May 8, 2014 at 6:56 PM
Edited May 8, 2014 at 6:57 PM
Hi Tony!

I know it's been awhile, but I've successfully executed step one of your directions, and am now ready to proceed to step two!

Thanks again for your help. I'm looking forward to seeing what I can do.
May 11, 2014 at 7:47 PM
Edited May 11, 2014 at 7:47 PM
Congratulations, I'm glad to hear it's going well.

Your initial post mentioned that you were interested in having NodeXL generate the "Top" items for you. To make that work, you need to add the following columns to your tab-delimited text file:

Tweet
URLs in Tweet
Domains in Tweet
Hashtags in Tweet
Imported ID

Here are the JSON paths for those columns. The JSON is documented at https://dev.twitter.com/docs/api/1.1/get/search/tweets

Tweet: text
URLs in Tweet: entities, urls
Domains in Tweet: Not available in the JSON; you have to parse the domains from the URLs yourself
Hashtags in Tweet: entities, hashtags
Imported ID: id_str

Once you get those columns into the NodeXL workbook--and make sure you use the exact column names I've listed here--your should be able to go to NodeXL, Analysis, Graph Metrics and use the "Words and word pairs" and "Twitter search network top items" items. Note that in the Graph Metrics dialog box, you have to specify the "Tweet" column name for the "Words and word pairs" option via the Options button.

-- Tony
May 12, 2014 at 12:23 PM
Thanks Tony, I appreciate your help!

How does NodeXL handle multiple hashtags or multiple links in a single tweet?

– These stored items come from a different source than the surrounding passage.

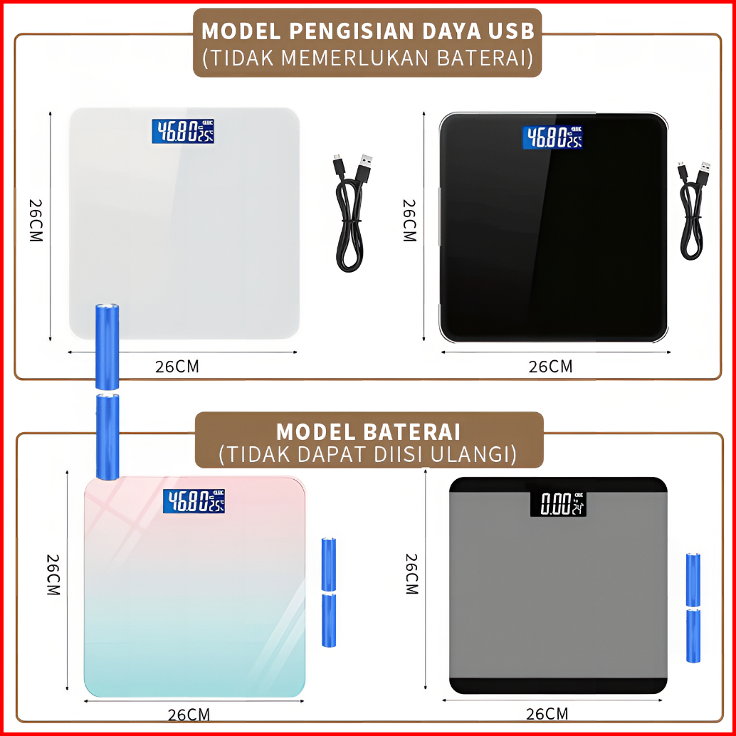 Puning Lentiven Timbangan Badan Kaca Digital Body Elektronik Kartun 180kg Usb Charging Anti Pecah Layar Lcd
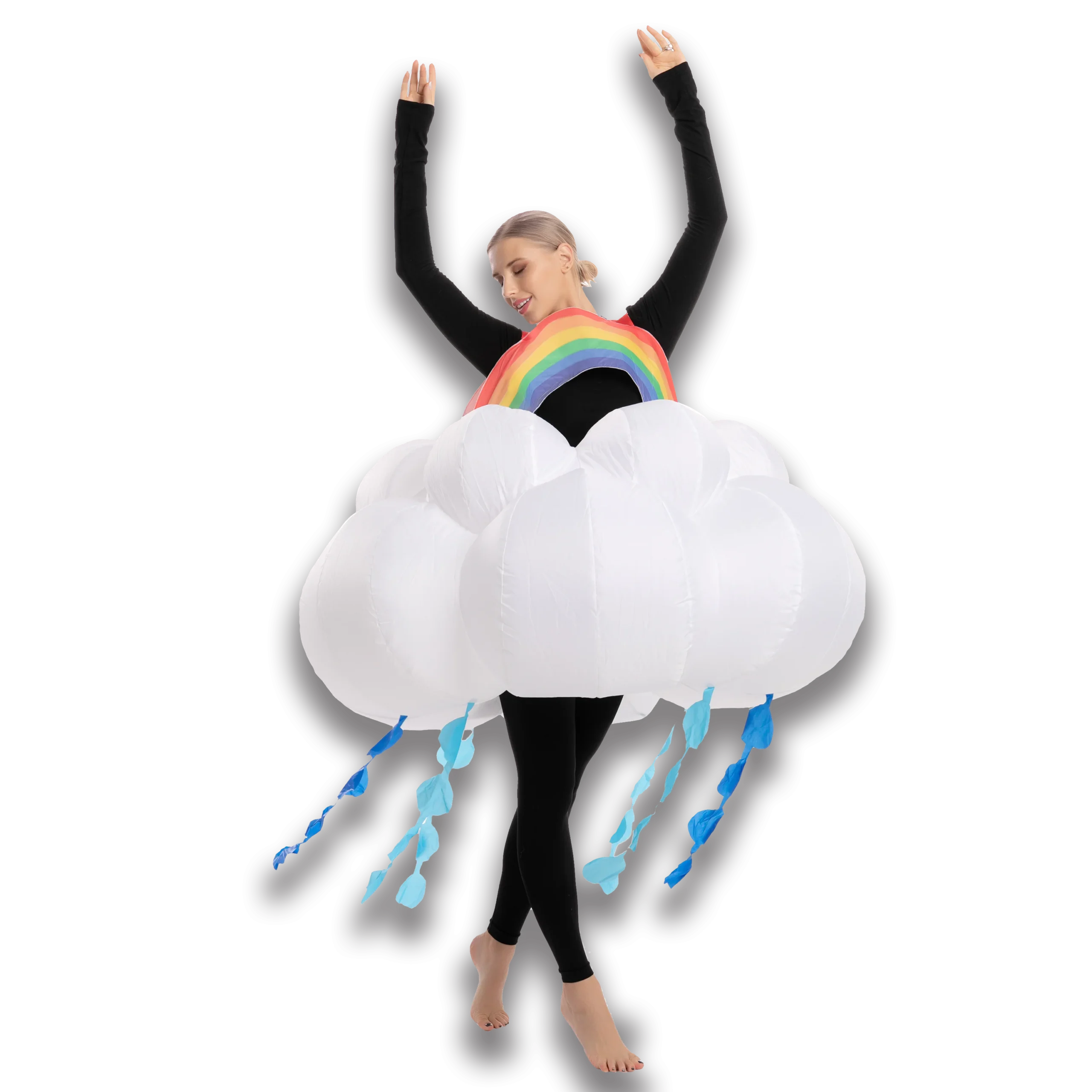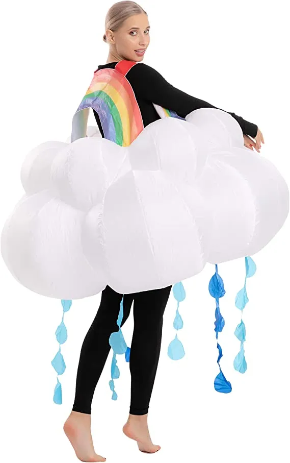 Our rainbow cloud costume is easy to use. You can put it on with our step-by-step instructions, or use your imagination and create some unique style for yourself. Wear this costume as a part of your cosplay outfit, or even just as comfortable lazy day clothing. Get ready for big air time in this colorful costume! Perfect for Halloween dress-ups, costume parties, and events held on Halloween night. If a battery pack needs to be stored securely, place it inside the costumeβs leg pockets rather than in your own pocket, as doing so risks the battery pack overheating. Adjust the direction of the fan and tighten drawstrings for the best inflatable performance.
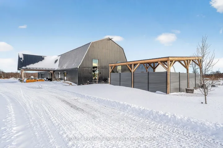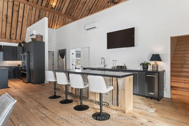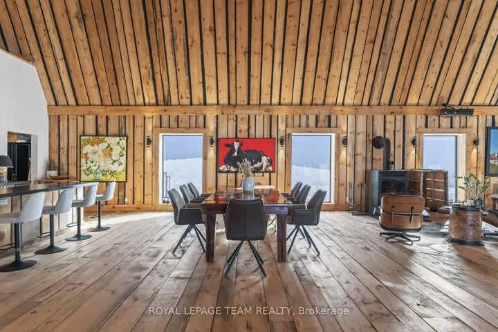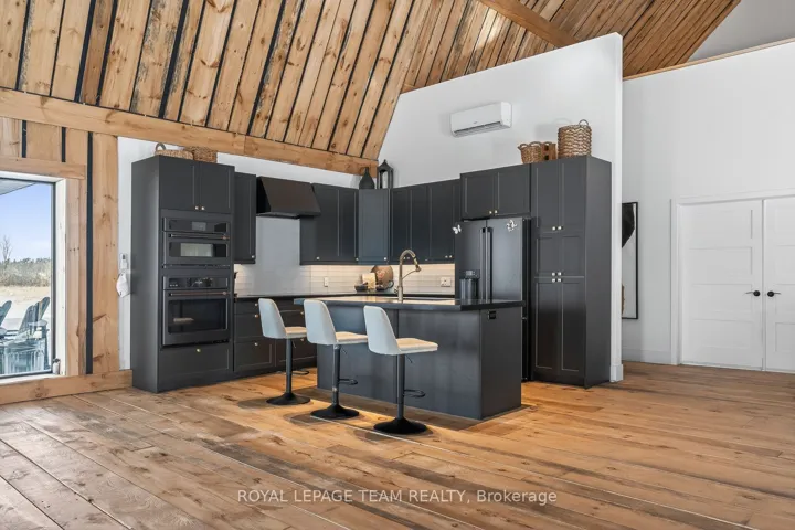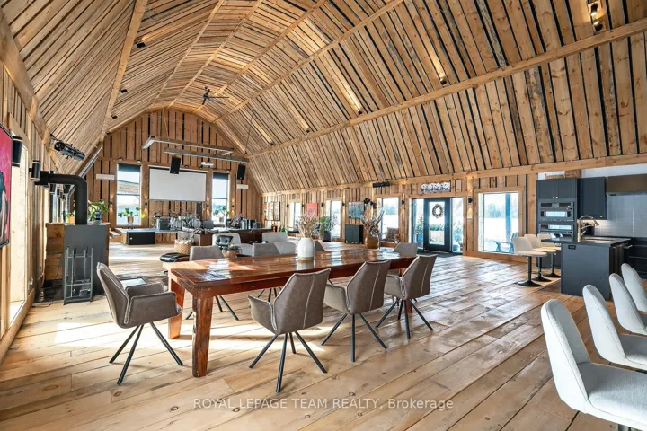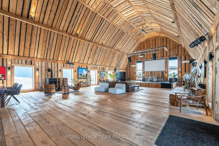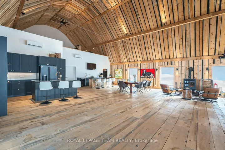 +"PublicRemarks": "Unforgettable! A rare and remarkable barndominium offering monumental scale, moody elegance, and undeniable architectural presence. This extraordinary home reimagines barn chic through contemporary design, featuring a breathtaking Great Room with soaring domed ceiling, rich wood detailing, and dramatic lighting that create a cathedral-like atmosphere. A built-in stage with speakers transforms the space into an entertainer's dream, ideal for live music, gatherings, or celebrations. The kitchen is striking and refined, with sleek black cabinetry, gold hardware, and a large island with farmhouse sink. The Great Room also features a chic bar, wood-burning stove, and oversized garage-style doors for flexible indoor-outdoor flow. For luxurious rest: the main-level primary offers privacy and comfort, while a loft, two additional bedrooms, and beautifully finished full bath complete the upper level. Set on 100 private acres with walking paths, a stunning patio with barrel sauna, hot tub, and statement lighting. A truly once-in-a-lifetime rental opportunity."
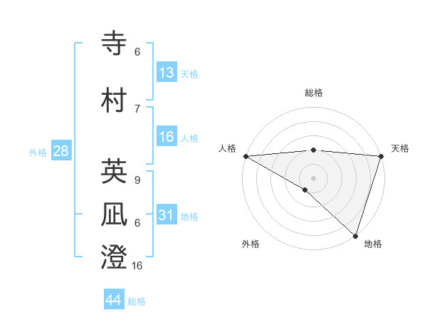 寺村 英凪澄さんの人格は16画の5点!
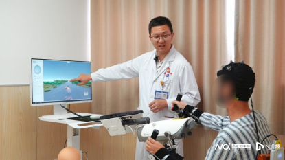 冬日午后,在广东三九脑科医院康复治疗科,40岁的脑梗偏瘫患者王先生(化姓)正戴着形似泳帽的电极帽,专注地看着屏幕上的游泳视频。他努力想象着自己划水的动作,就在此刻,他那原本无力活动的左手,竟在功率单车的带动下,开始跟随“意念”同步划动起来。这一幕看似科幻的场景,如今已成为该院新建成的脑机接口临床研究病房的日常诊疗画面。
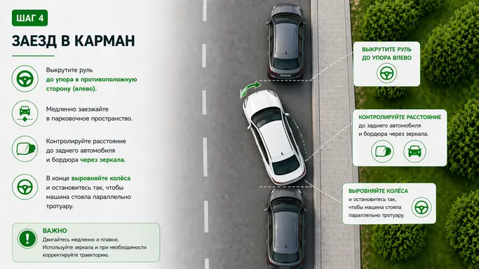 Решение: аккуратно выезжаете вперёд или назад, затем сдаете назад с прямыми колесами чуть глубже и повторяете финальный поворот руля — это поможет поставить машину ближе.
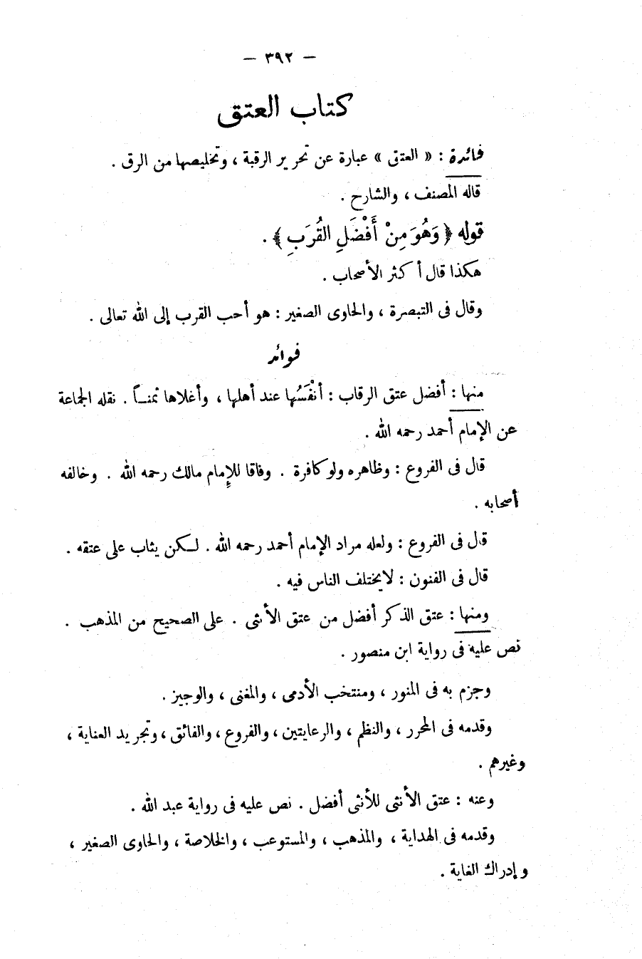 فَوَائِدُ: مِنْهَا: أَفْضَلُ عِتْقِ الرِّقَابِ: أَنْفَسُهَا عِنْدَ أَهْلِهَا، وَأَغْلَاهَا ثَمَنًا. نَقَلَهُ الْجَمَاعَةُ عَنْ الْإِمَامِ أَحْمَدَ - رَحِمَهُ اللَّهُ -. قَالَ فِي الْفُرُوعِ: وَظَاهِرُهُ وَلَوْ كَافِرَةً. وِفَاقًا لِلْإِمَامِ مَالِكٍ - رَحِمَهُ اللَّهُ -. وَخَالَفَهُ أَصْحَابُهُ. قَالَ فِي الْفُرُوعِ: وَلَعَلَّهُ مُرَادُ الْإِمَامِ أَحْمَدَ - رَحِمَهُ اللَّهُ - لَكِنْ يُثَابُ عَلَى عِتْقِهِ. قَالَ فِي الْفُنُونِ: لَا يَخْتَلِفُ النَّاسُ فِيهِ.
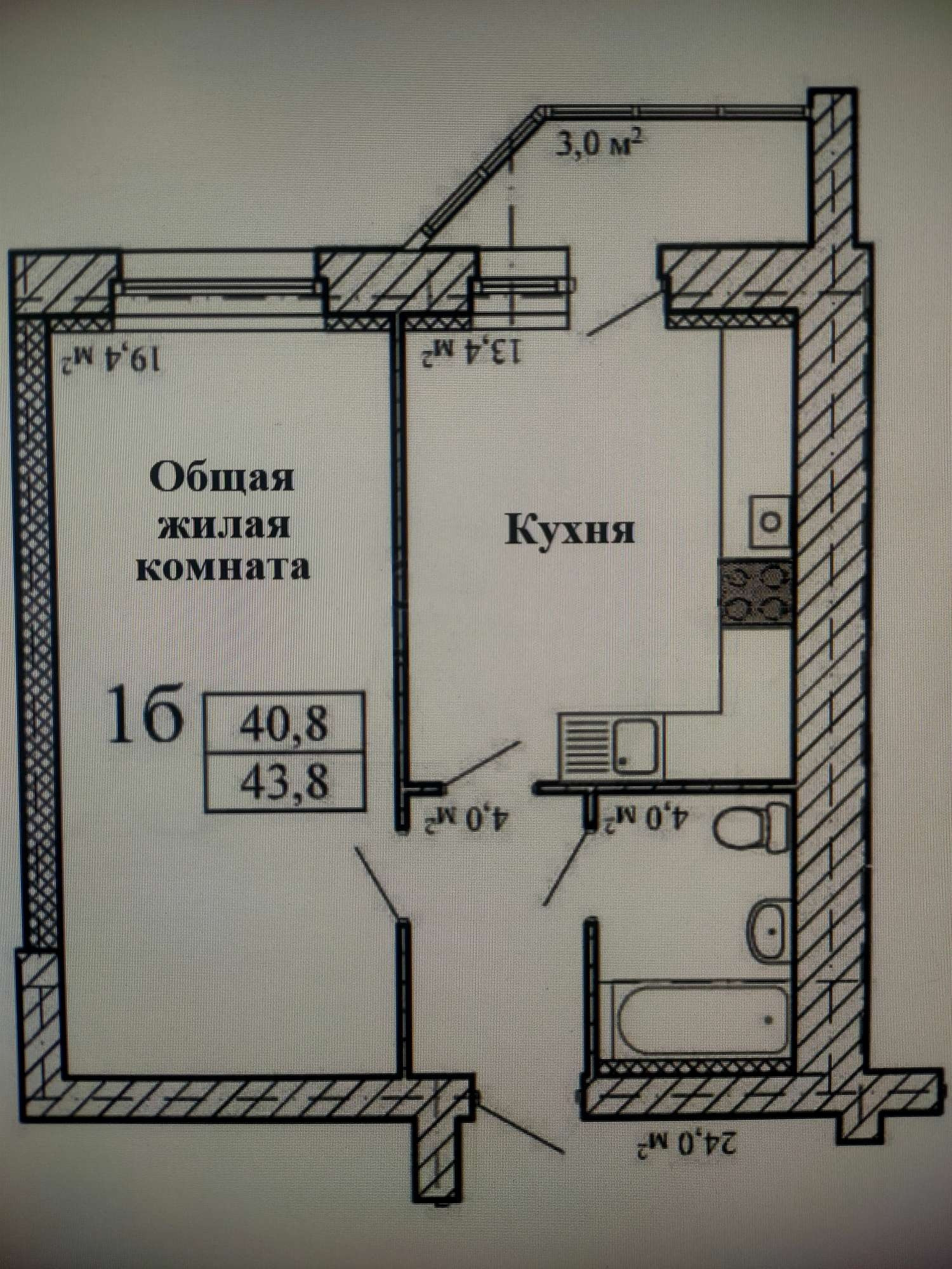 Общая площадь 43,8 кв.м., жилая площадь 19,4 кв.м., кухня 13,4 кв.м.,
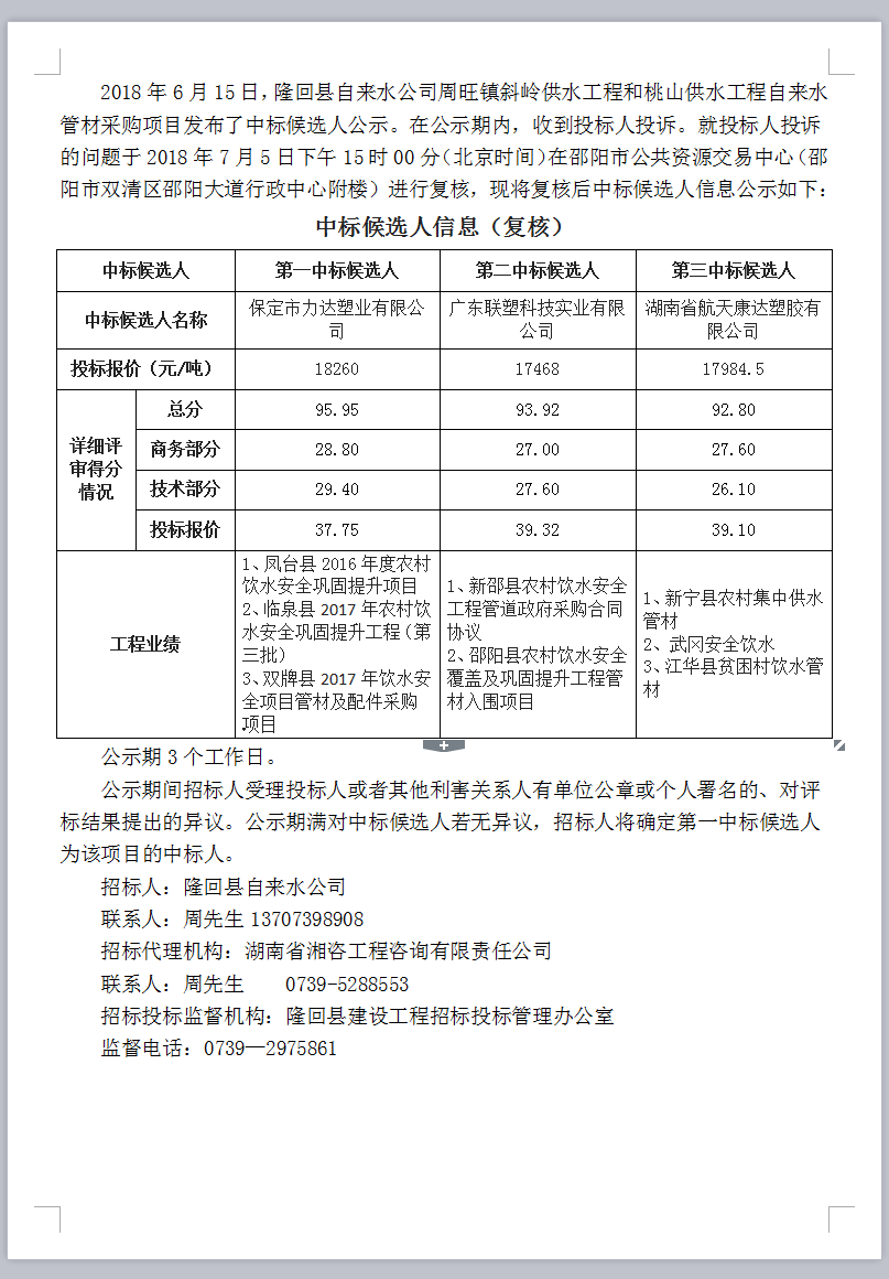 隆回縣自來水公司周旺鎮(zhèn)斜嶺供水工程和桃山供水工程自來水管材采購項(xiàng)目招標(biāo)投標(biāo)信息公示表(復(fù)核)
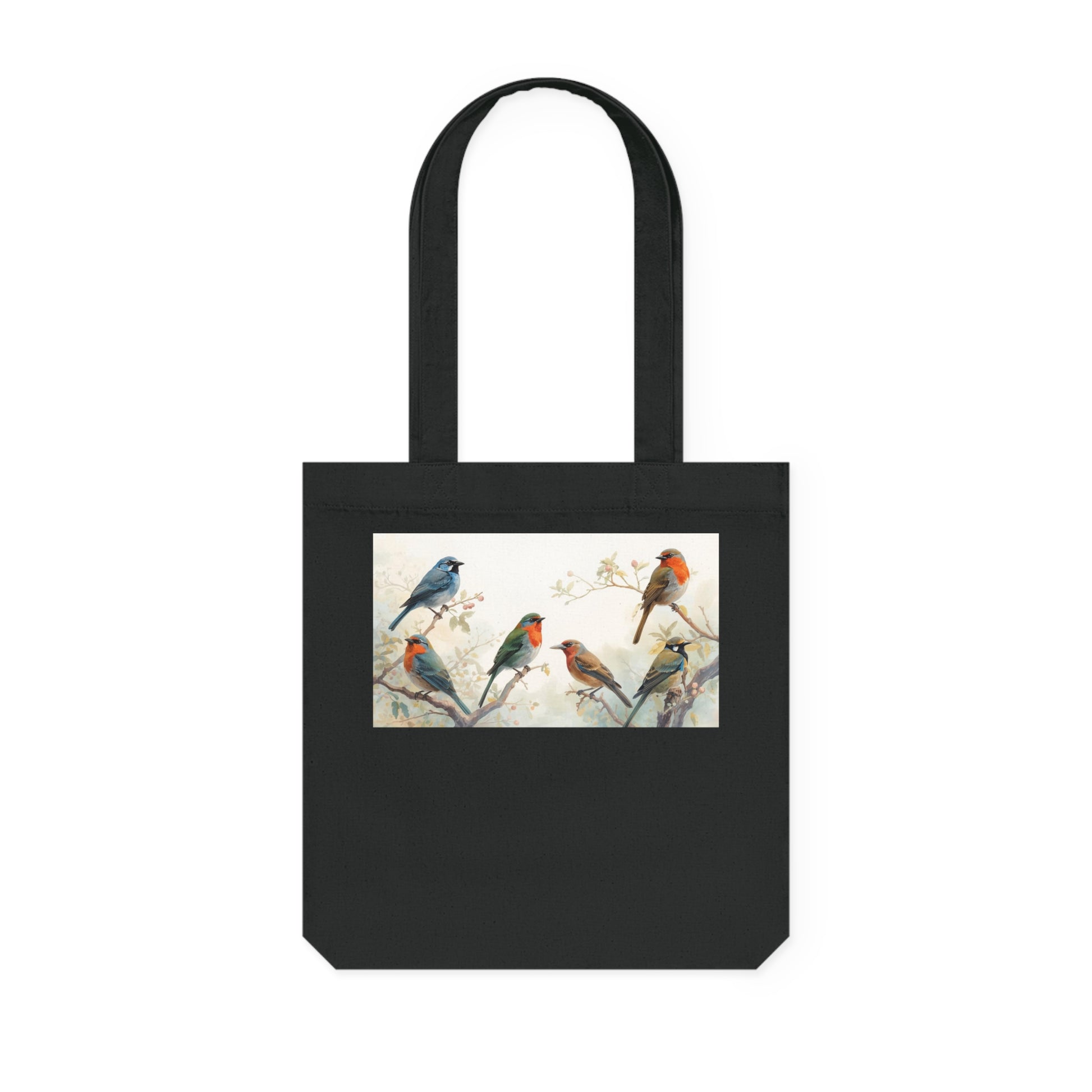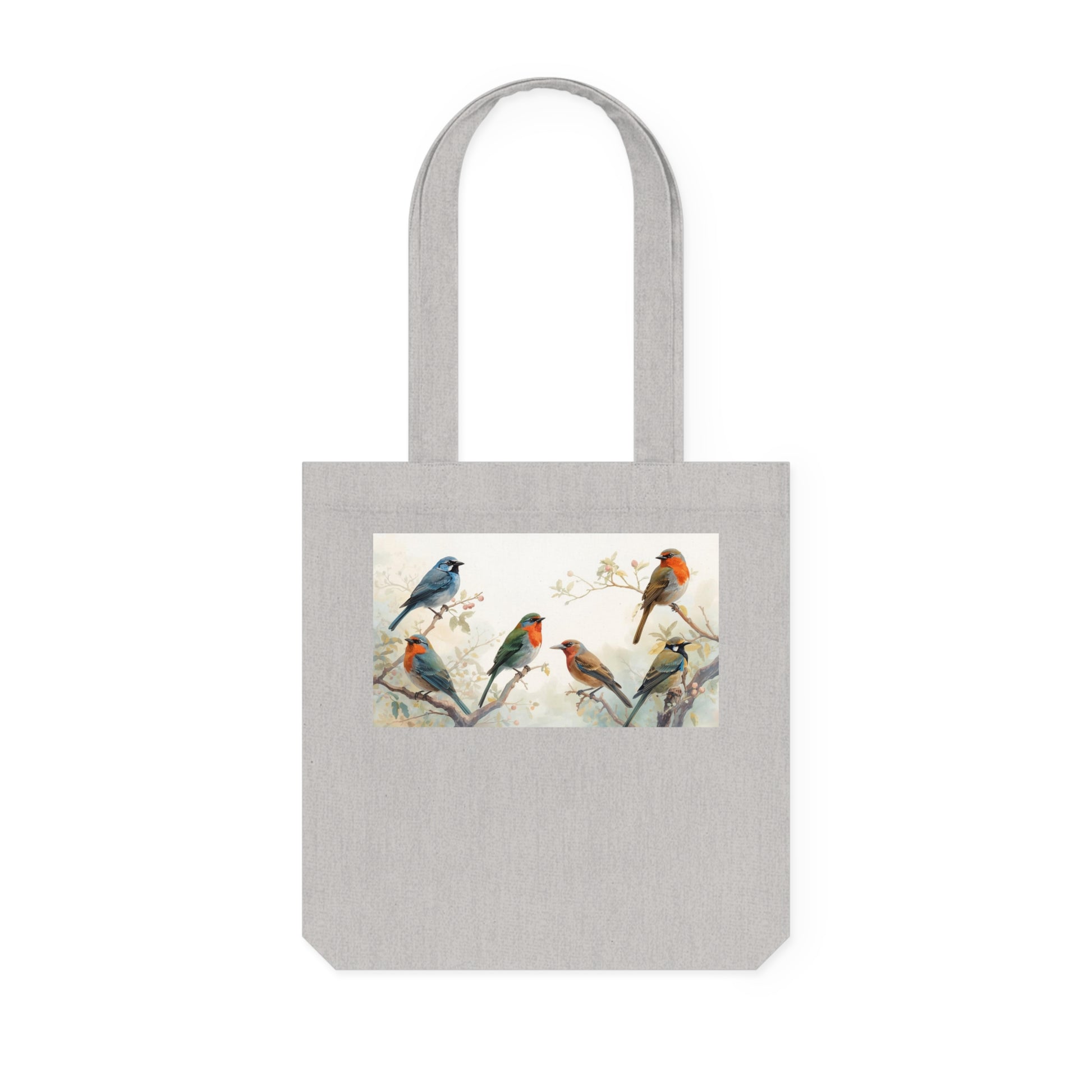 This stylish woven tote bag embodies a perfect blend of functionality and elegance. Crafted from a sustainable mix of 80% recycled cotton and 20% recycled polyester, it offers a soft yet durable texture ideal for daily use. The charming double-sided print showcases delightful bird illustrations, making it a standout accessory for nature lovers. With its spacious design, reinforced handles, and clean double-folded edges, this bag is perfect for grocery shopping, beach outings, or carrying your essentials on a day out in the city. It's not just a bag; it's a statement of eco-consciousness and style. Whether you're treating yourself or searching for a thoughtful gift, this tote is perfect for any occasion—from holidays like Earth Day to everyday adventures. Ideal for environmentally minded individuals and bird enthusiasts alike, it adds a touch of beauty and purpose to every outing.

Also, I assume if I wanted to also include user information I would just include that as well, and set it as a Vertex 1 property when importing?

Thanks again!
May 12, 2014 at 3:40 PM
Edited May 12, 2014 at 3:42 PM
On the multiple hashtag/URL question: See "Entities in Twitter Objects" at https://dev.twitter.com/docs/entities . If you search for "user_mentions" on that page, you'll see an example of how Twitter formats multiple entities. (user_mentions, hashtags, and urls are all types of what Twitter calls "entities".)

-- Tony
May 12, 2014 at 3:41 PM
On the user information question: Yes, your assumption is correct.

-- Tony